■ Task objective ■
Using the listing below, retype exactly the lines starting at the one with "[영암=정찬남 기자] 영암군민속씨름단(감독" and ending at the one with "当店別注 バンソン VANSON", and include both.

**** Data records

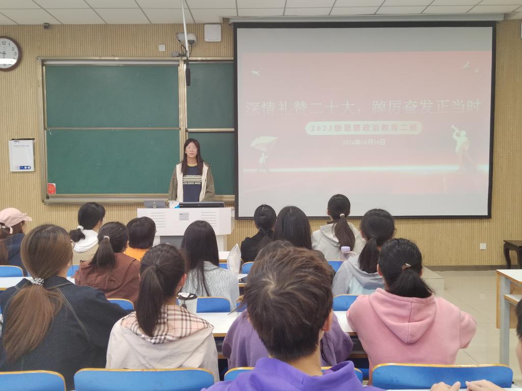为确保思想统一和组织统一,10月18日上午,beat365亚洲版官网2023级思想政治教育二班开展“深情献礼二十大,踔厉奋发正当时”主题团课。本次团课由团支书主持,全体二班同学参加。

********
**** Data records

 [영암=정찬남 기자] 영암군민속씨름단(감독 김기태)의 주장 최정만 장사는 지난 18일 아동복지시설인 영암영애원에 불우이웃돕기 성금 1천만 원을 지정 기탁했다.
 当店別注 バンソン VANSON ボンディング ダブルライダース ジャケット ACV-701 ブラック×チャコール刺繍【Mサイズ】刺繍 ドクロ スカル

********
**** Data records

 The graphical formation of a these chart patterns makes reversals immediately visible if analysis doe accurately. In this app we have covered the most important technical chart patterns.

********

■ Task solution ■
 [영암=정찬남 기자] 영암군민속씨름단(감독 김기태)의 주장 최정만 장사는 지난 18일 아동복지시설인 영암영애원에 불우이웃돕기 성금 1천만 원을 지정 기탁했다.
 当店別注 バンソン VANSON ボンディング ダブルライダース ジャケット ACV-701 ブラック×チャコール刺繍【Mサイズ】刺繍 ドクロ スカル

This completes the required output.